Dalal Rahul S, Sabe Ashraf A, Elmadhun Nassrene Y, Ramlawi Basel, Sellke Frank W
Cardiovascular Research Center, Warren Alpert Medical School, Brown University, Providence, RI, USA.
Methodist DeBakey Heart & Vascular Center, Methodist Hospital, Houston, Texas, USA.
Braz J Cardiovasc Surg. 2015 Sep-Oct;30(5):520-32. doi: 10.5935/1678-9741.20150070.
Atrial fibrillation and neurocognitive decline are common complications after cardiopulmonary bypass. By utilizing genomic microarrays we investigate whether gene expression is associated with postoperative atrial fibrillation and neurocognitive decline.
Twenty one cardiac surgery patients were prospectively matched and underwent neurocognitive assessments pre-operatively and four days postoperatively. The whole blood collected in the pre-cardiopulmonary bypass, 6 hours after-cardiopulmonary bypass, and on the 4th postoperative day was hybridized to Affymetrix Gene Chip U133 Plus 2.0 Microarrays. Gene expression in patients who developed postoperative atrial fibrillation and neurocognitive decline (n=6; POAF+NCD) was compared with gene expression in patients with postoperative atrial fibrillation and normal cognitive function (n=5; POAF+NORM) and patients with sinus rhythm and normal cognitive function (n=10; SR+NORM). Regulated genes were identified using JMP Genomics 4.0 with a false discovery rate of 0.05 and fold change of >1.5 or <-1.5.
Eleven patients developed postoperative atrial fibrillation. Six of these also developed neurocognitive decline. Of the 12 patients with sinus rhythm, only 2 developed neurocognitive decline. POAF+NCD patients had unique regulation of 17 named genes preoperatively, 60 named genes six hours after cardiopulmonary bypass, and 34 named genes four days postoperatively (P<0.05) compared with normal patients. Pathway analysis demonstrated that these genes are involved in cell death, inflammation, cardiac remodeling and nervous system function.
Patients who developed postoperative atrial fibrillation and neurocognitive decline after cardiopulmonary bypass may have differential genomic responses compared to normal patients and patients with only postoperative atrial fibrillation, suggesting common pathophysiology for these conditions. Further exploration of these genes may provide insight into the etiology and improvements of these morbid outcomes.
心房颤动和神经认知功能减退是体外循环后的常见并发症。通过使用基因组微阵列,我们研究基因表达是否与术后心房颤动和神经认知功能减退相关。

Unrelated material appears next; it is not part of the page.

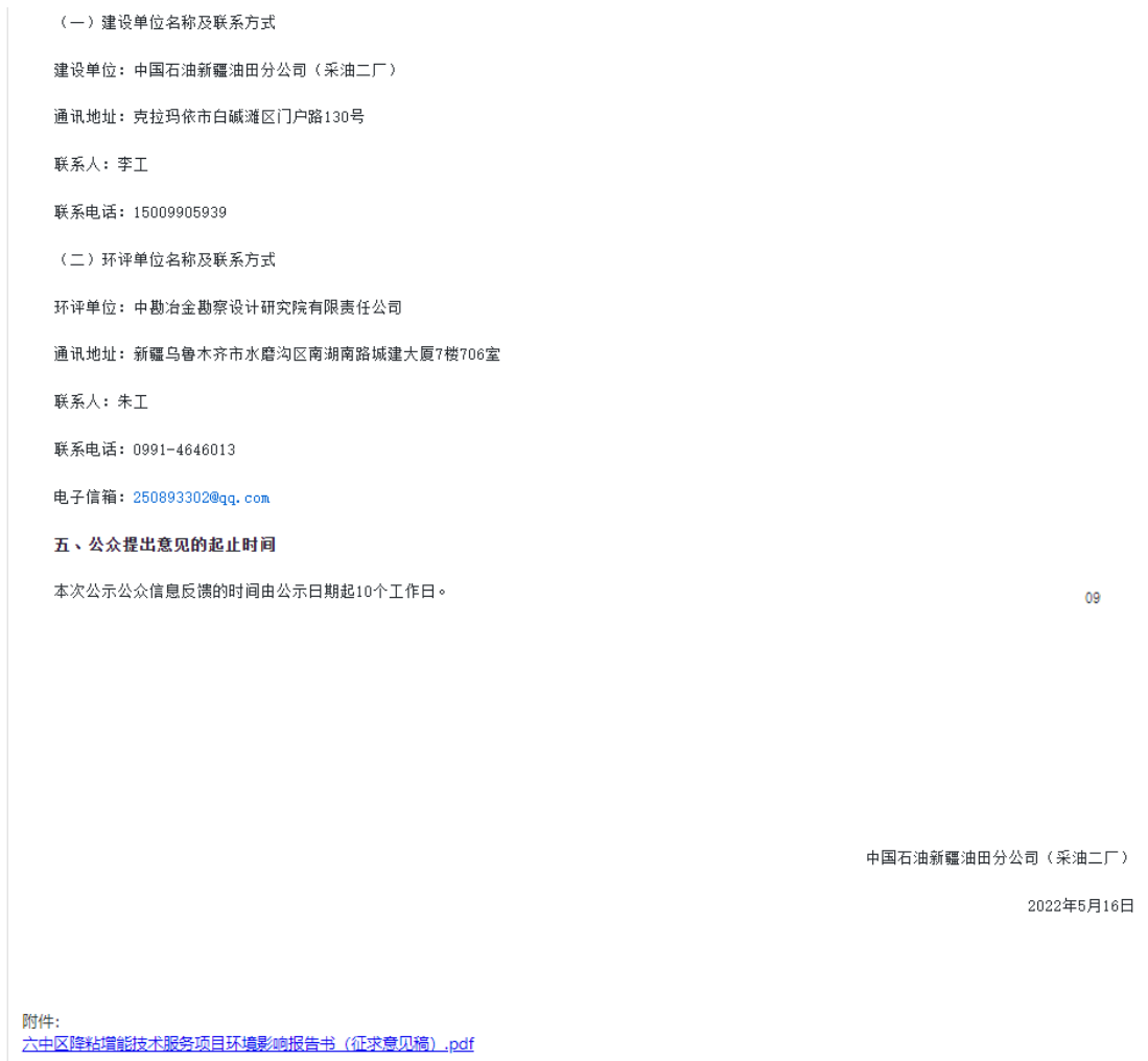
图 3-1 项目公众参与第二次信息公示截图

前瞻性地匹配了21例心脏手术患者,并在术前和术后4天进行了神经认知评估。在体外循环前、体外循环后6小时和术后第4天采集的全血与Affymetrix Gene Chip U133 Plus 2.0微阵列进行杂交。将发生术后心房颤动和神经认知功能减退的患者(n = 6;POAF+NCD)的基因表达与术后心房颤动且认知功能正常的患者(n = 5;POAF+NORM)以及窦性心律且认知功能正常的患者(n = 10;SR+NORM)的基因表达进行比较。使用JMP Genomics 4.0识别调控基因,错误发现率为0.05,倍数变化>1.5或<-1.5。
11例患者发生了术后心房颤动。其中6例还出现了神经认知功能减退。在12例窦性心律的患者中,只有2例出现了神经认知功能减退。与正常患者相比,POAF+NCD患者术前有17个命名基因、体外循环后6小时有60个命名基因、术后4天有34个命名基因受到独特调控(P<0.05)。通路分析表明,这些基因参与细胞死亡、炎症、心脏重塑和神经系统功能。
与正常患者和仅发生术后心房颤动的患者相比,体外循环后发生术后心房颤动和神经认知功能减退的患者可能具有不同的基因组反应,提示这些情况存在共同的病理生理学机制。对这些基因的进一步探索可能有助于深入了解这些疾病的病因并改善这些不良结局。